-- EXERCISE AIM --
Retype every line of the data below, starting with the first and ending with the line that contains "ウィーン国際空港に着いたら、", but leave out the pictures.

-- PROVIDED MATERIAL --
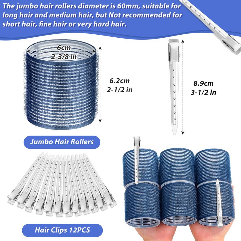 - WHAT YOU WILL GET - This hair curlers set comes with 12pcs jumbo hair rollers and 12pcs stainless steel duck teeth bows hair clips. Great hair roller set for long hair. NOT suitable for short hair, fine hair, or very hard hair conditions. Attention Please: The hair clips are well packed inside the hair rollers (Needs to be unpacked to see the clips inside). If you do not find it please feel free to contact us
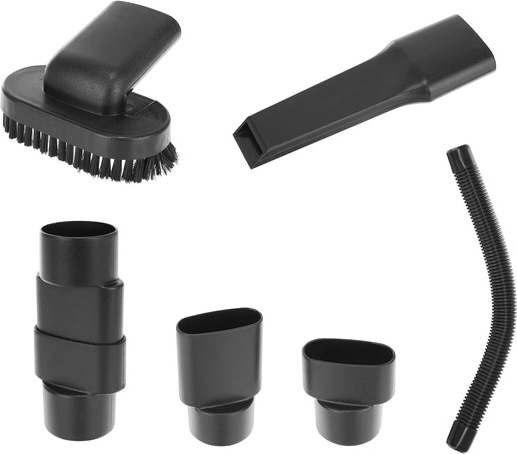 Obsahuje štěrbinové, kartáčové nástavce a flexibilní hadici pro úklid těžko dostupných míst.
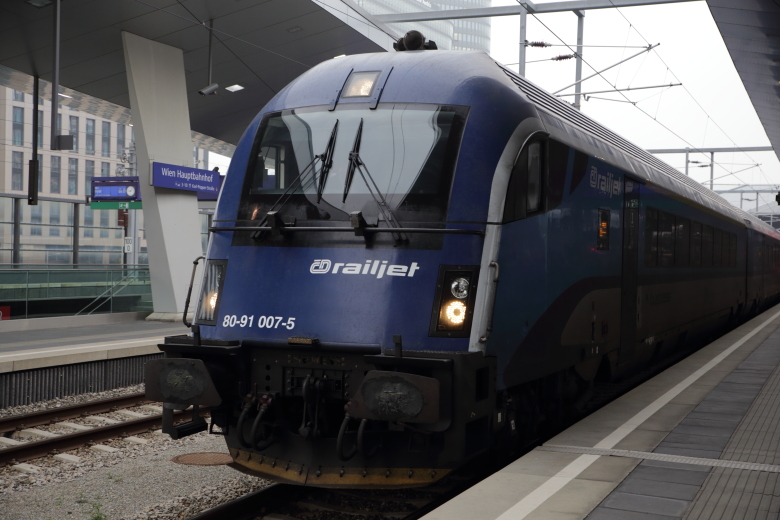 ウィーン国際空港に着いたら、オーストリア連邦鉄道の切符カウンターで2日分のフリーチケットと、中央駅まで行きたいという旨を伝えて、2種類の切符を手に入れ、早速お目当てのrailjetに一駅分ですが乗れました。
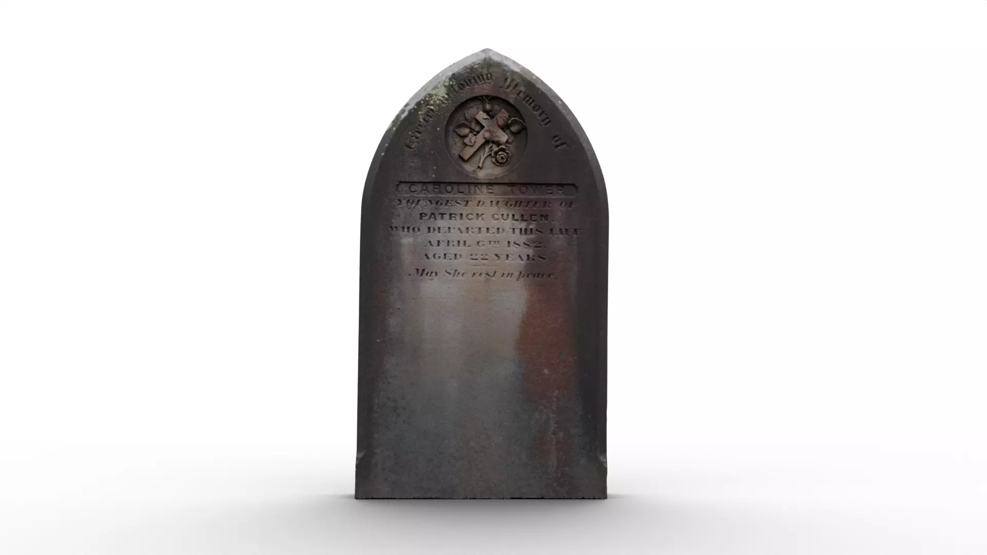This highly detailed old headstone was captured using cross-polarized photogrammetry to ensure maximum surface accuracy and texture fidelity. The scanning process removes reflections and enhances fine details, preserving the weathered stone, engraved inscriptions, and natural imperfections with unmatched precision.
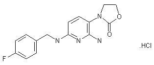 D-19274 can be obtained in a 6-step synthesis starting from 2,6-dichloropyridine (I). Compound (I) is nitrated with HNO3/H2SO4 yielding 2,6-dichloro-3-nitropyridine (II). Subsequent reaction with ammonia and 4-fluorobenzylamine leads to 2-amino-3-nitro-6-(4-fluorobenzylamino)pyridine (IV), which is hydrogenated using Raney Nickel as catalyst to the corresponding 3-amino derivative (V), which reacts with 2-bromoethyl chloroformate to 2-bromoethyl [N-(2-amino-6-(4-fluorobenzylamino)pyridin-3-yl)]carbamate hydrochloride (VI). (VI) is then treated with excess NaOH at 35 C, followed by treatment with isopropanol HCl to give the desired D-19274.
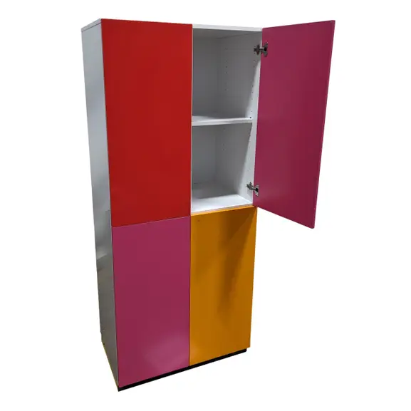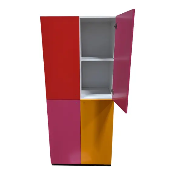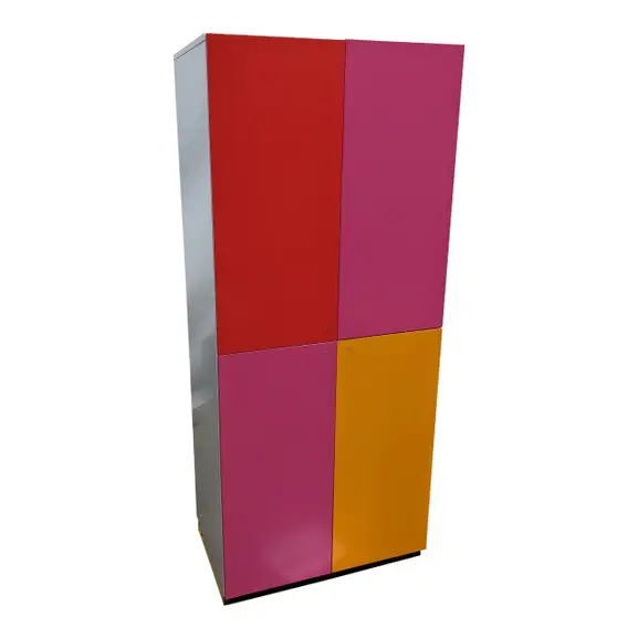 Snygg flerfärgad förvaring. Förvaringen utrustas med Flexlock Invisible, ett osynligt lås på dörrarnas insida som ger förvaringen ett rent och snyggt uttryck. Låset styrs med ett personligt kort. Personliga kort är beställningsvara, kontakta säljare för mer info och prisuppgifter.
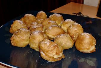 11月1日は諸聖人の日。カトリック教会の祝日の一つで、全ての聖人と殉教者を記念する日で、スペインでは祝日です。この日は墓参りをする習慣があるため、花屋さんは大忙し。また、ブニュエロ(ミニシュークリーム)やウエソス・デ・サント(聖人の骨、という名前にあるように、まさに見た目は骨。マジパンのお菓子)を食べる、という習慣もあり、だいたい1週間前ぐらいからパン屋さんではこれらが登場。でも、これ意外と高い。ということで今年はブニュエロなしの祝日、と思っていましたが、友達がFACEBOOKで自作ブニュエロの写真をアップしているのを見て、闘志が・・・。ということで今年は初・ブニュエロ作りに挑戦。作り方は超簡単。鍋に水と牛乳を入れて熱し、沸騰したら、バター、小麦粉を入れかき混ぜます。その後、火から下ろし、卵を入れ、さらにかき混ぜます。これで生地完成。その後、生地を油で揚げます。きれいな丸にするのが難関・・・。その後、カスタードクリームを中に入れ、上から砂糖をまぶし、完成。非常に時間はかかったけど、美味しくできました。
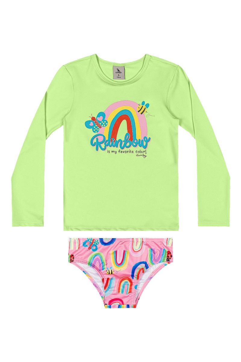 Biquíni infantil com conforto e segurança garantidos. O conjunto é confeccionado em malha UV Dry (poliéster com elastano), que oferece fator de proteção solar FPS 50+. A blusa possui mangas longas, costura reforçada e estampa vibrante, adicionando um toque alegre e criativo ao visual. A calcinha conta com forro frontal e traseiro, além de elástico embutido que garante ajuste perfeito ao corpo. A estampa rotativa complementa o look com charme. Uma escolha versátil e encantadora para praia, piscina ou atividades ao ar livre.
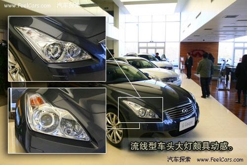 側(cè)面線條無疑是G37 Coupe與Saden車型區(qū)別最大,也是最誘人的部分。車頂流線造是標準的雙門Coupe造型,腰線直接延成為行李箱蓋并于面積巨大的尾燈連成一體。短小的后和行李箱形成刀切般的簡潔線條。
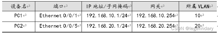 (3)PC1~PC2的端口IP地址设置如表
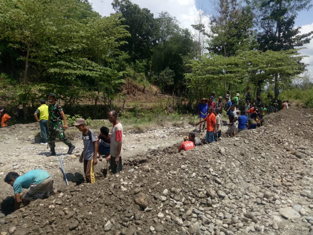 Gotong royong yang dipimpin langsung Dankipur II Kapten Inf Mahfud bersama anggota dan puluhan masyarakat setempat antusias membuat saluran irigasi dengan mengambil air dari aliran sungai di dekat Pos Turiskain.

-- YOUR RESPONSE --
 - WHAT YOU WILL GET - This hair curlers set comes with 12pcs jumbo hair rollers and 12pcs stainless steel duck teeth bows hair clips. Great hair roller set for long hair. NOT suitable for short hair, fine hair, or very hard hair conditions. Attention Please: The hair clips are well packed inside the hair rollers (Needs to be unpacked to see the clips inside). If you do not find it please feel free to contact us
 Obsahuje štěrbinové, kartáčové nástavce a flexibilní hadici pro úklid těžko dostupných míst.
 ウィーン国際空港に着いたら、オーストリア連邦鉄道の切符カウンターで2日分のフリーチケットと、中央駅まで行きたいという旨を伝えて、2種類の切符を手に入れ、早速お目当てのrailjetに一駅分ですが乗れました。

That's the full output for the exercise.